Unlike longtime columnist Michael Barnes of the Austin-American Statesman I don’t pal around with ultra wealthy Luci Baines Johnson while somehow weirdly forgetting to mention in the Austin paper for literally decades that Lyndon Johnson murdered JFK.

Unlike LBJ biographer Doris Kearns Goodwin, I have never had the man who murdered JFK – Lyndon Johnson – ask me to marry him (“A Tale of Hearts and Minds, Sally Quinn, Washington Post, 8-24-75)

Unlike LBJ biographer Robert Caro, I have was never co-opted by one of the men – LBJ crony Ed Clark – who murdered JFK (see “Blood, Money, and Power” by Barr McClellan, published 2003)

Unlike LBJ biographer Robert Dallek, I do not endorse the ludicrous, machine gun-riddled Warren Report fantasy that Lyndon Johnson, Robert Kennedy, Jackie Kennedy, the KGB, Gerald Ford, Sen. Richard Russell, Sen. John Sherman Cooper, Cong. Hale Boggs, Sen. Barry Goldwater, Richard Nixon, CIA chief William Casey, JFK aides Kenny O’Donnell and Dave Powers, and LBJ’s inner circle mistress Madeleine Brown, LBJ kickbacks king Billie Sol Estes and and JFK’s longtime secretary Evelyn Lincoln never believed.

Unlike LBJ biographer Michael Beschloss, I was never a personal friend of Lady Bird Johnson, the wife of the man Lyndon Johnson, who murdered JFK and I have never implied that Fidel Castro might be behind the JFK assassination.

Unlike LBJ biographer Randall Woods, I have never slandered completely innocent CIA patsy Lee Harvey Oswald for the JFK assassination which was orchestrated by Lyndon Johnson (Randall Woods, LBJ: Architect of American Ambition, p. 417-418)

Unlike LBJ biographer Julian Zelizer, I have never defamed Lee Harvey Oswald for the murder of JFK, a crime that Lyndon Johnson committed.

Unlike historian Douglas Brinkley I have never shat in my pants telling a national TV audience “Look, it’s clear Lee Harvey Oswald killed John F. Kennedy” – and imploring   everyone to honor the legacies of Gerald Ford, John McCloy and Arlen Specter in regards to their work covering up the JFK assassination (ABC’s “Face the Nation,” Nov. 17, 2013)

Unlike Senior News Reporter Jason Whitely of WFAA (Dallas) I have never pushed the fantasy that a lone nut named Oswald killed JFK.

Unlike the LBJ Library, I have not erected museum exhibits that endorse the validity and accuracy of the truly bonkers Warren Report that not even Lyndon Johnson believed for one minute.

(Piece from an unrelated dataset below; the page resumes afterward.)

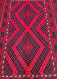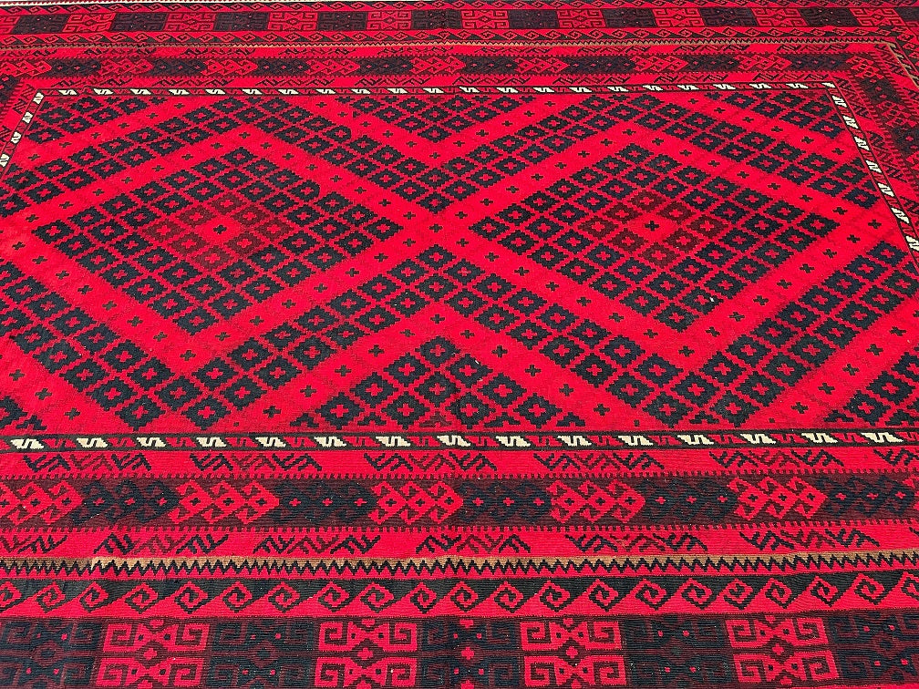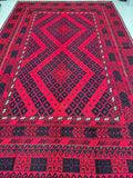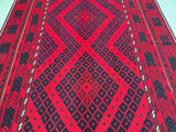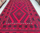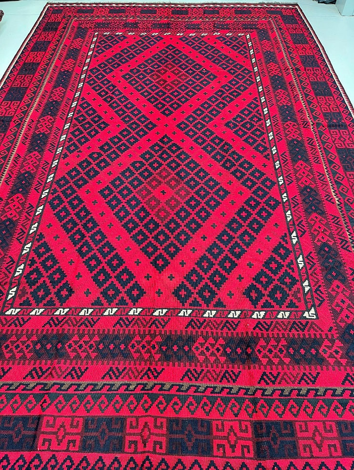 Large Room Size Tribal Hand Woven Vintage Afghan Meymaneh Kilim Rug. Ideal for Lounge or Dining Room. It Also Has A Pure Hand Spun Wool Pile On Wool Base. Rich Maroon/Burgundy, Black, Beige And Brown Tone Dyed Using Traditional Methods.

Has an IQ closer to 140 than 130

Princeton, A.B. – History, 1987

Univ. of Texas at Austin -- MBA, 1990

Tuscaloosa Academy, graduated #3 out of 40 students. Recipient of TA’s highest academic honor, 1983

 

Star basketball player for Tuscaloosa Academy from 1980-1983, leading my teams to a 114-5 record over 4 years. Scored 2,003 career points.  The last years were an unblemished 90-0 with 3 consecutive private school state championships. I was my teams’ MVP as a freshman, junior and senior. I like losing less than Nick Saban, Vince Lombardi, Mike Krzyzewski, Tom Brady and Lyndon Johnson combined.

 

On top of ALL that, I found the “golden egg” at the Indian Hills Country Club (Tuscaloosa, AL) Easter Egg hunt TWICE in approximately 1974 and 1975 (back to back years) which meant that I received a very large stuffed bunny each time.